Store generated outputs under `output/` (separated into Classic, Flux, Img2Img, HiresFix and ADetailer sub-folders). The folders are created automatically during the first run.
## Optional accelerations
- **Stable-Fast** β€” 70% faster SD1.5 inference through UNet compilation. Set `INSTALL_STABLE_FAST=1` in Docker or pass `--stable-fast` in the CLI/UI to compile on demand. Compilation adds a one-time warm-up cost.
- **SageAttention** β€” INT8 attention kernels with 15% speedup and lower VRAM use. Built automatically in Docker images; on bare metal, clone [SageAttention](https://github.com/thu-ml/SageAttention) and run `pip install -e . --no-build-isolation` inside your environment.
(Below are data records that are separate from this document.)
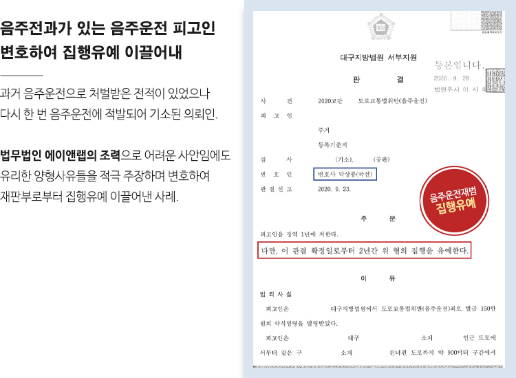 이에 재판부는 박상룡 변호사가 주장한 양형사유들을 반영하여 음주 재범사건에서 드물게 집행유예 판결을 내렸습니다.
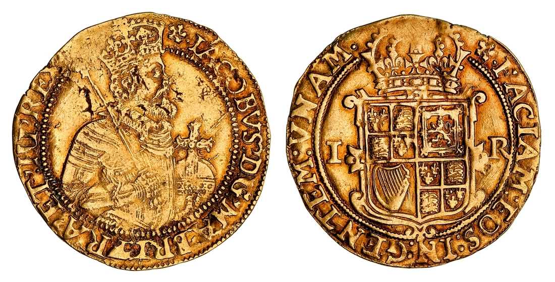 James I (1603-1625), Second Coinage, Unite, 1613-1615, Tower, • (m.m.) • IACOBVS .' D .' G .' MA .' BRI .' FRA .' ET .' HI .' REX, fourth crowned bust right, wearing plain armour, holding orb and shouldering sceptre, rev. (m.m.) • FACIAM • EOS • IN • GENTEM • VNAM • crowned and garnished shield, dividing I-R, 9.81g [151.39grns], 2h, m.m. cinquefoil (Schneider II, 28; North 2085; S.2620), flan stress with daylight hole behind the sceptre, worn dies and clipped edges, some discolouration, reverse much bolder, a good fine
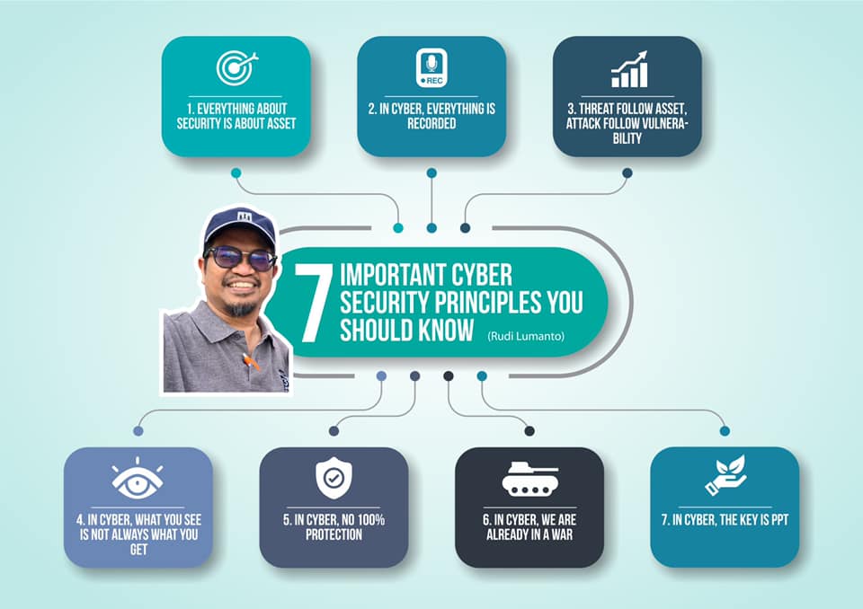 - kunci keamanan siber adalah people, proses dan technology. Proses menjadi perekat antara people dan technology. Ketiganya harus diatur seimbang. Mungkin bahkan pake teknologi lokal dan sederhana jauh lebih aman jika orang orangnya punya kesadaran tinggi dan budaya keamanan yg baik, dibanding pake teknologi mahal dan branded tapi budaya dan kesadaran orang orangnya tidak terjaga.
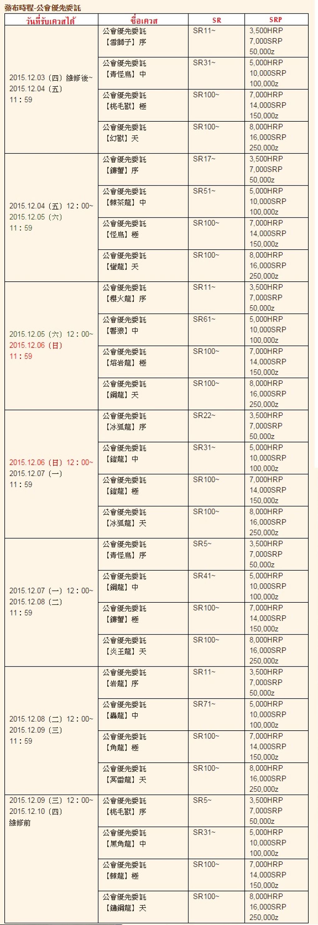 Event เควสแจกเลเวลและเงินประจำเดือนธันวาคม โดยเควสส่วนใหญ่เป็นเควสของระดับ SR และ GR ซึ่งแต่ละเควสนั้นจะให้ค่าประสบการณ์และเงินเยอะมากๆเลยทีเดียว ใครที่กำลังเก็บเลเวลอยู่ห้ามพลาดเด็ดขาดเลย เพราะมีโอกาสไม่บ่อยนักที่จะได้เล่นเควสดีๆแบบนี้ นอกจากนี้สามารถเติมคอสพรีเมี่ยมเพื่อเพิ่มเงินและค่าประสบการณ์ที่รับได้อีกด้วย
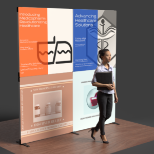 Sleek and “EZ”, our tension fabric systems are a great alternative to standard backwall displays. Quickly assembled in just 5 minutes, slide the tubes together to make the frame and lock in place with a push button snap. Then, simply pull the pillowcase-like graphic over the frame and zip it shut. The zipper, hidden from view, tightens the stretch fabric beautifully displaying your image. Disassembled, this lightweight frame and graphic fits inside its included bag.

- **SpargeAttn** β€” Sparse attention kernels with 40–60% speedup (compute 8.0–9.0 GPUs only). Build from [SpargeAttn](https://github.com/thu-ml/SpargeAttn) using `TORCH_CUDA_ARCH_LIST="8.9"` or similar.
- **Ollama prompt enhancer** β€” Install [Ollama](https://ollama.com/) and pull `qwen3:0.6b`. Set `PROMPT_ENHANCER_MODEL=qwen3:0.6b` before launching LightDiffusion-Next to enable the automatic prompt rewrite toggle.
## Verify your installation
1. Start the UI or FastAPI server.
2. Watch the startup logs β€” the initialization progress bar runs the dependency download routine (`CheckAndDownload`) and loads the default checkpoint.
3. Generate a 512Γ—512 image with the default prompt. The status bar shows timing and the output appears in `output/Classic`.
4. Confirm the telemetry endpoint is reachable:
```bash
curl http://localhost:7861/health
curl http://localhost:7861/api/telemetry
```
## Updating or rebuilding
- Pull the latest Git changes and rerun `uv pip install -r requirements.txt` in the virtual environment.
- For Docker users, rebuild with `docker-compose build --no-cache` to pick up updates.
- If you upgraded your GPU driver or CUDA toolkit, delete `~/.cache/torch_extensions` to force SageAttention/SpargeAttn to recompile.
You are now ready to explore the [UI guide](usage.md) and start generating.